SpaceX Launches Supply Rocket From Historic Apollo Pad
An image from the Falcon 9 launch and first stage landing. (Source: Twitter/@SpaceX)

(Bloomberg) -- Elon Musk’s Space Exploration Technologies Corp. successfully launched its second rocket in as many months on Sunday, bringing it a 10th of the way to its goal of deploying 20 to 24 rockets this year.

The Falcon 9 rocket that launched SpaceX’s Dragon spacecraft on Sunday separated minutes after liftoff and landed upright on Earth in its designated area. SpaceX expects to launch a “flight proven,” or reused, Falcon 9 rocket for the first time this spring.
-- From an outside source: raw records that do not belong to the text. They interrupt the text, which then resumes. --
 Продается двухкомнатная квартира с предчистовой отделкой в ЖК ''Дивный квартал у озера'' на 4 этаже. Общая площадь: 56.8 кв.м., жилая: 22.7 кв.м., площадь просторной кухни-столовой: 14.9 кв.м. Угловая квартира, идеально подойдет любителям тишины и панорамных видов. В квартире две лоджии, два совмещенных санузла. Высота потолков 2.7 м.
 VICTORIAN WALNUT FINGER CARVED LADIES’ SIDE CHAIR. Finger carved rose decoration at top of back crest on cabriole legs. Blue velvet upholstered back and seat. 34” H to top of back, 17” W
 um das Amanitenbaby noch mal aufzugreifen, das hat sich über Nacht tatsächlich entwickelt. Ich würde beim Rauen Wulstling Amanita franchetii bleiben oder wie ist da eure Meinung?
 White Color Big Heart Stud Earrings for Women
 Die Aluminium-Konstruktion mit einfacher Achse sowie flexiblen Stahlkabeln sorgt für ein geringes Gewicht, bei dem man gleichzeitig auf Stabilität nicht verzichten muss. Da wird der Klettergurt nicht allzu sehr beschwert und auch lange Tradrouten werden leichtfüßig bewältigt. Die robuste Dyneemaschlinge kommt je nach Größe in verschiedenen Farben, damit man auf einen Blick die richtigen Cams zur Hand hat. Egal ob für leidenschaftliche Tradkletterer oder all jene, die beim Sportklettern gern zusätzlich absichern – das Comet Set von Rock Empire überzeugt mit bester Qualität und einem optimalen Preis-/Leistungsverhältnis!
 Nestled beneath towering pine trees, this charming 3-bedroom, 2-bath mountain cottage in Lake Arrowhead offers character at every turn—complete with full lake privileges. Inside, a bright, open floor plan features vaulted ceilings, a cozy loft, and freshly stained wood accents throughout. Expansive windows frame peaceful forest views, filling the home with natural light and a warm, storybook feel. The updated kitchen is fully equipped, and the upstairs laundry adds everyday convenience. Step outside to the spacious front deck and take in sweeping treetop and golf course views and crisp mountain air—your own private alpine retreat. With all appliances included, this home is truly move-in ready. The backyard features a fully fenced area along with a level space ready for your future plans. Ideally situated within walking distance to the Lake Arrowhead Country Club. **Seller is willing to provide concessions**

“Baby came back,” Musk tweeted on Sunday morning. The company has designed its rockets to be reused, a key part of its effort to drive down costs and make colonizing Mars possible.

The launch was SpaceX’s first from historic “39A,” the storied complex at the National Aeronautics and Space Administration Kennedy Space Center in Florida that was home to the famed Apollo missions. It was also the company’s second since a fireball destroyed a different rocket and its payload on a Florida launch pad in September. SpaceX, which completed just eight missions in 2016, successfully returned to the skies last month with the delivery of 10 communications satellites into orbit.

Experiments, Supplies

The rocket is ferrying about 5,500 pounds of research equipment, cargo and supplies to the International Space Station, NASA said in a statement. The payload includes an experiment that will aim to better define how some bacteria become resistant to drugs, and one that will aim to help scientists understand how molecules known as monoclonal antibodies work in the body.

The launch was halted Saturday about 13 seconds before its scheduled liftoff because of an issue with the second-stage engine.

SpaceX has contracts with the National Aeronautics and Space Administration valued at $4.2 billion to resupply the Space Station using its unmanned Dragon spacecraft and ultimately to ferry astronauts to the station from the U.S. with a version of Dragon that’s capable of carrying crews. The Government Accountability Office said Thursday in a report that SpaceX and competitor Boeing Co. won’t be certified this year to send astronauts to space and may be delayed into 2019 because of potential safety hazards.

Musk, who’s also CEO of Tesla Inc., founded SpaceX 15 years ago with the goal of sending humans to Mars. The closely-held company makes rockets at its headquarters in Hawthorne, California, and has contracts to launch commercial satellites as well as fly missions for NASA and the U.S. military.